__TASK DIRECTIONS__
Return the stretch from the line with "宜兴唯一 | 江苏省首台(套)重大装备名单公布 ok138太阳集团独领风骚" through the line with "ヒーロー風カッコイイあだ名 | 『暗黒騎士ツネ』『ネオツネモツ』 |" in the data below, character for character, skipping all pictures.

__PROVIDED DATA__
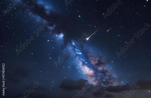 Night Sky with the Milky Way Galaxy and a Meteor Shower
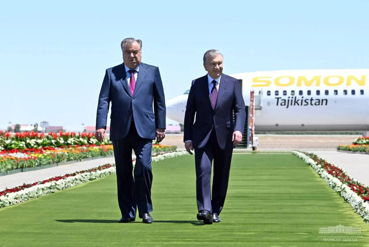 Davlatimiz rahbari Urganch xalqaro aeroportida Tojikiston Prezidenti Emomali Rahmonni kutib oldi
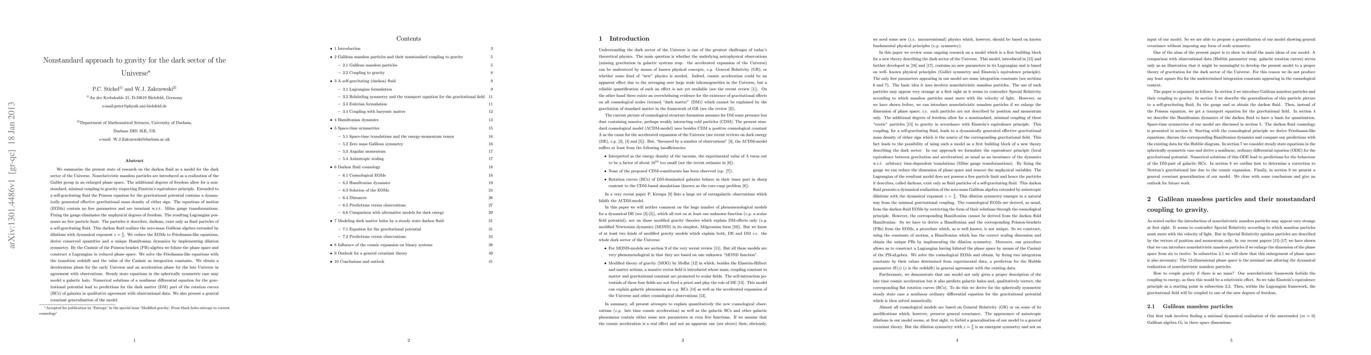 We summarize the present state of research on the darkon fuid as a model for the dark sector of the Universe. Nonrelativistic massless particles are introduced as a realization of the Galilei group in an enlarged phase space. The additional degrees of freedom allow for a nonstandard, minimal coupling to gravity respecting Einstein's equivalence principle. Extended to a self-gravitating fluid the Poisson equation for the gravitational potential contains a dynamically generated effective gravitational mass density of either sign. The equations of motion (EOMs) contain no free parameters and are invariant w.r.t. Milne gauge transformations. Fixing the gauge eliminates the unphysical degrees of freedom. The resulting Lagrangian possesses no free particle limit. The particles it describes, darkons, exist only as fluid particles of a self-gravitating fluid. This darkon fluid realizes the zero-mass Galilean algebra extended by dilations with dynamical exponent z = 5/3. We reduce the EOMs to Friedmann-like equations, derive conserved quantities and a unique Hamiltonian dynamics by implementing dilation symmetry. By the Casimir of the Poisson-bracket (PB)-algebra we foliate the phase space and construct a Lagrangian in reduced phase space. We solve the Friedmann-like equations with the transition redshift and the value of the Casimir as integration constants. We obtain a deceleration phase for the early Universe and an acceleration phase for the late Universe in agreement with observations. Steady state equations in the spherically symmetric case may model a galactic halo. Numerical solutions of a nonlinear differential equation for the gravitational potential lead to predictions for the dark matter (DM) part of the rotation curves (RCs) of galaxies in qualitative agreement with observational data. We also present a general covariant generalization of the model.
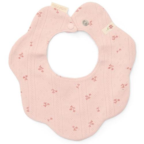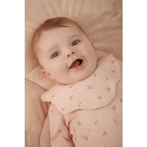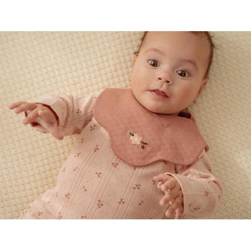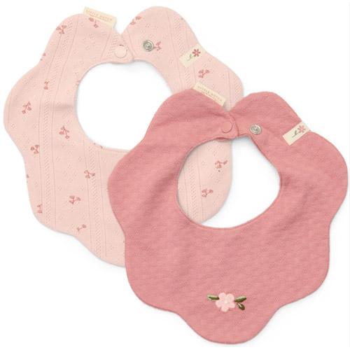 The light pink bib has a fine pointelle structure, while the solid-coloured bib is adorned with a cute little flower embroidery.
* * *
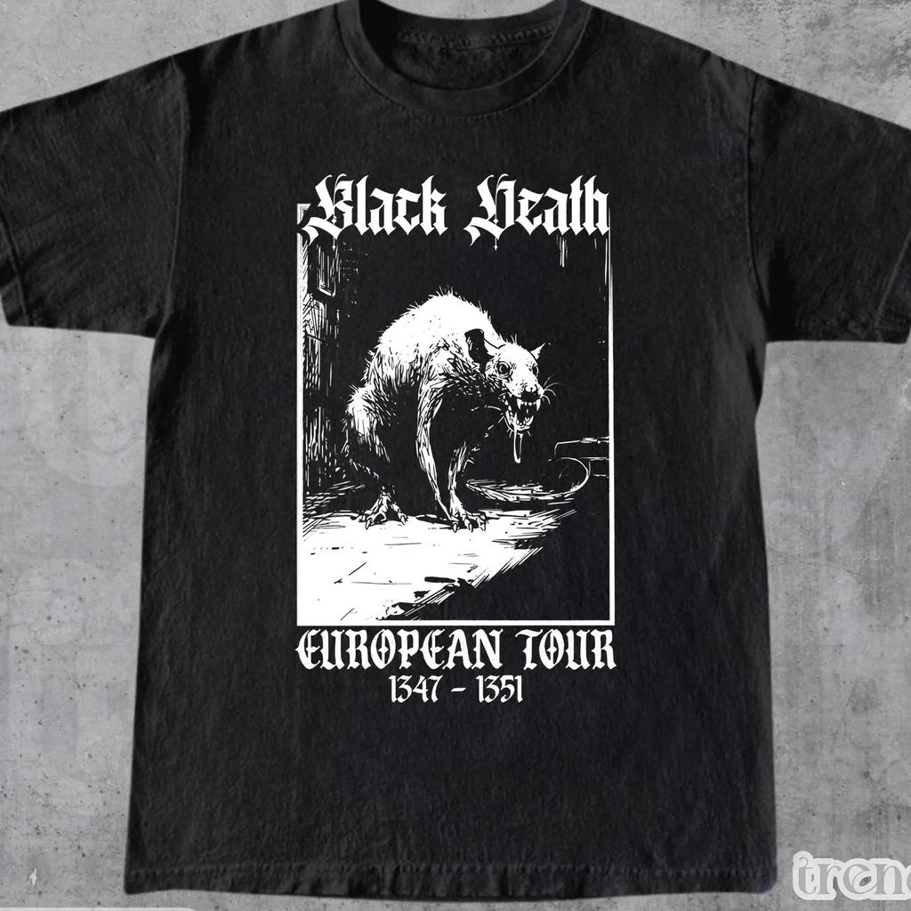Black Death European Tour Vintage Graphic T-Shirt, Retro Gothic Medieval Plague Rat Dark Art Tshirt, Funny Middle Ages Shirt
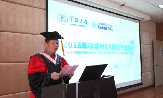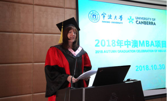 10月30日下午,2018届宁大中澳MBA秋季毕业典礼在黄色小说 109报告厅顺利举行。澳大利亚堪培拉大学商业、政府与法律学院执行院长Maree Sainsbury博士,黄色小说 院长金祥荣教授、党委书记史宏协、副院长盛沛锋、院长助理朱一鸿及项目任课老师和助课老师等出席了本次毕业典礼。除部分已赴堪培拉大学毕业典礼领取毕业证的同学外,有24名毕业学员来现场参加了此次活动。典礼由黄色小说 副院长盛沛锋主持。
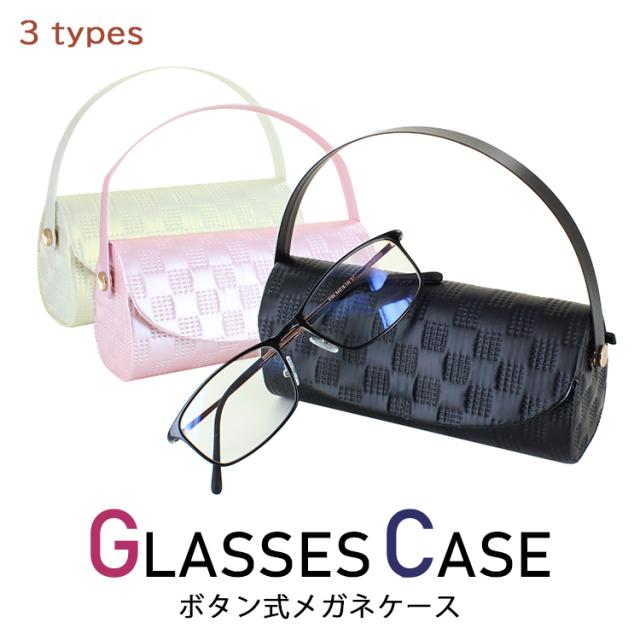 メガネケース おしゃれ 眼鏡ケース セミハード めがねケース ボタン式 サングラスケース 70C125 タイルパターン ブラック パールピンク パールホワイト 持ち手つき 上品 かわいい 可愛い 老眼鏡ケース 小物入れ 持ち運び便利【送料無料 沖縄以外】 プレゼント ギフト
* * *
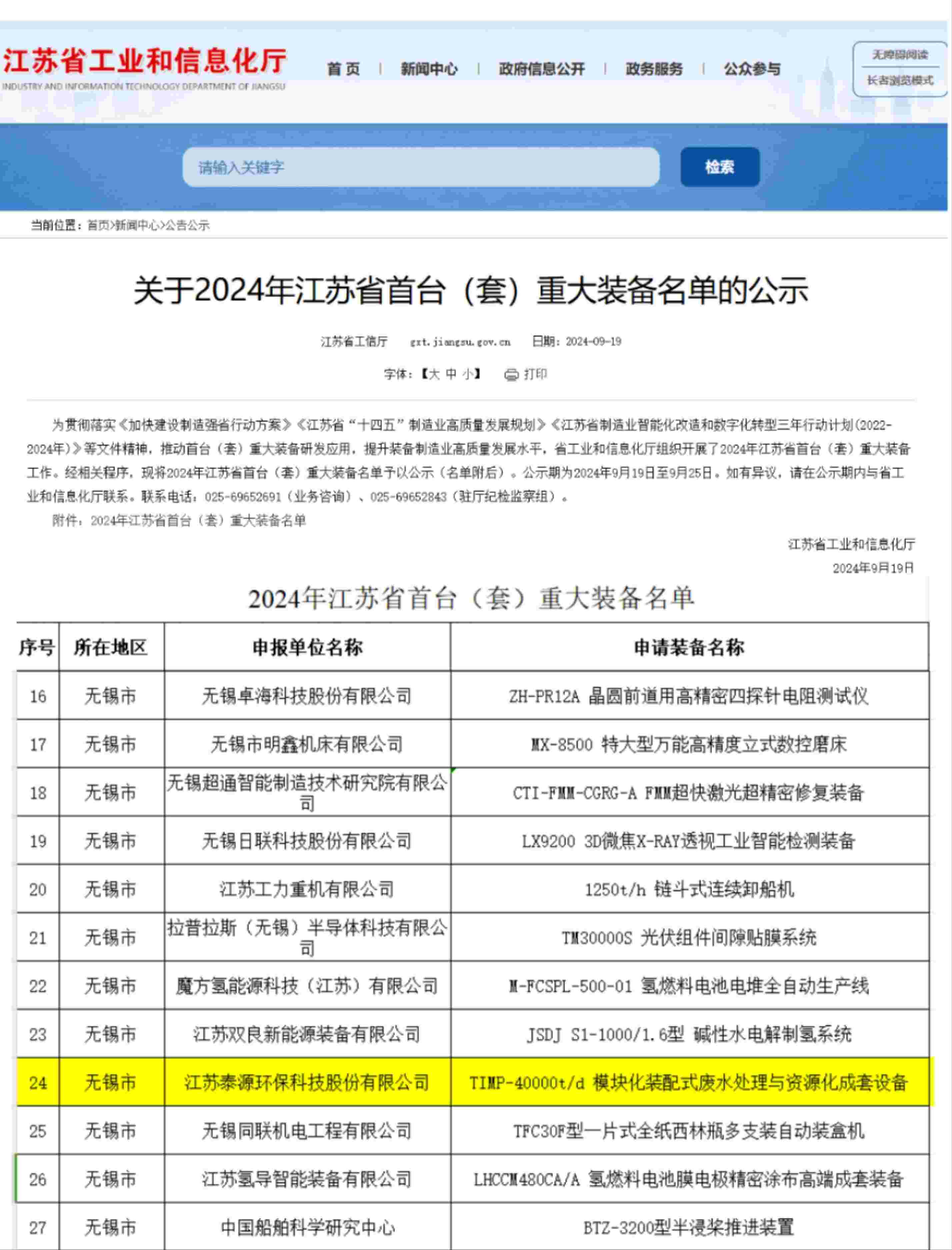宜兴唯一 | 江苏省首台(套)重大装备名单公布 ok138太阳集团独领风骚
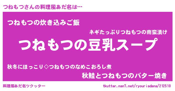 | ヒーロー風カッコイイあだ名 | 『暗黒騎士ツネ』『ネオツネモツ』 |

__RESPONSE FOR THIS EXERCISE__
宜兴唯一 | 江苏省首台(套)重大装备名单公布 ok138太阳集团独领风骚
 | ヒーロー風カッコイイあだ名 | 『暗黒騎士ツネ』『ネオツネモツ』 |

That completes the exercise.